The Bootlegger’s Smoke Manhattan ($12), one of many “giggle water” options at the speakeasy, holds New Riff Bourbon, blood orange bitters, simple syrup and it is smoked with cherry wood. Photo provided by the Pickle and Pig

Two desserts come straight from the time period. One is The Crachet Family Pudding ($9), which is the signature library-made bread pudding with a “bootleggered” custard, served warm with a scoop of homemade vanilla bean ice cream and drizzled with bourbon vanilla cream sauce right at the table. The other is the Lemon Icebox Cake ($8), consisting of a classic lemon cream pie with a graham cracker crust, layers of lemon custard and whipped cream.

Recent diner Kristen Perez described the experience as just what one might expect when dining in an old prohibition eatery. 

“It looked just like a speakeasy, including dim lighting, candles and the staff playing as bootleggers. It’s very much a theatrical experience,” said Perez.

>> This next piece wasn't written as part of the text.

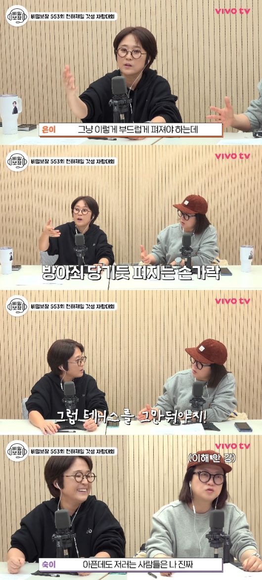 이어 송은이는 "그리고 손가락 아픈 이유도 방아쇠 증후군이 생겼기 때문이다. 테니스를 칠 때 힘을 주고 했더니 손가락이 방아쇠 당기듯 펴진다. 병원 가서 물어보니 '방아쇠 증후군이다'고 하더라"고 밝혔다.
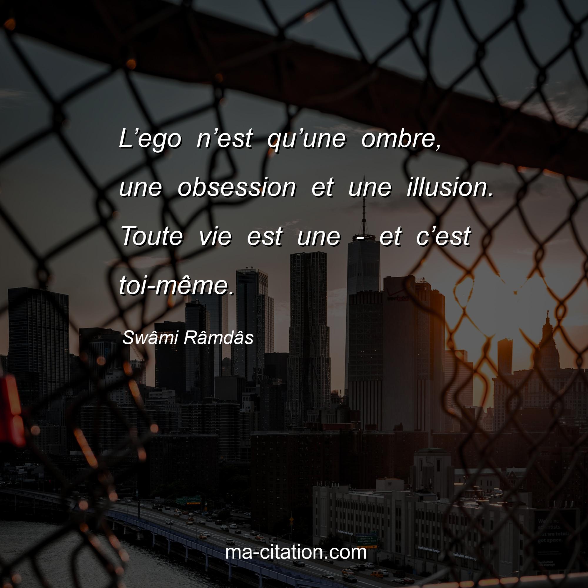Swâmi Râmdâs est l'auteur de la citation sur la vie "L’ego n’est qu’une ombre, une obsession et une illusion. Toute vie est une - et c’est toi-même.".

Perez was impressed by the friendliness of the staff, as well as the speed that her group of five people received their food. She explained that there is a hidden lounge behind a swinging bookshelf where guests can have a more intimate dining experience. To leave the lounge, diners must exit through “Bootlegger alley,” a hall that leads back to the main bar area.

The décor of The Pickle and Pig features Edison-bulb light fixtures, antique wall telephones, vintage books lining the bar room and taxidermied animals. The secret lounge walls are lined with newspapers from The Miami Student that date all the way back to 1929.

Miami University marketing major Ryan Napier believes this will appeal to the student population because it is so different. He notes that Uptown seems to cater more so to the Miami student population in the age 18-22 demographic. 

“Marketing for this restaurant could involve advertisements with an ‘old-timey’ feel or having events that align with prohibition-era themes or characters. This will invite those who are in college and still in town to come see what the event is or invite the Oxford townspeople to join in a prohibition-style meal or drink” said Napier.

Hornak also hopes this idea will draw a wide crowd that doesn’t necessarily just consist of college students. The restaurant includes a children’s menu to make it family-friendly, but emanates an upper-scale dining feel to attract an older crowd.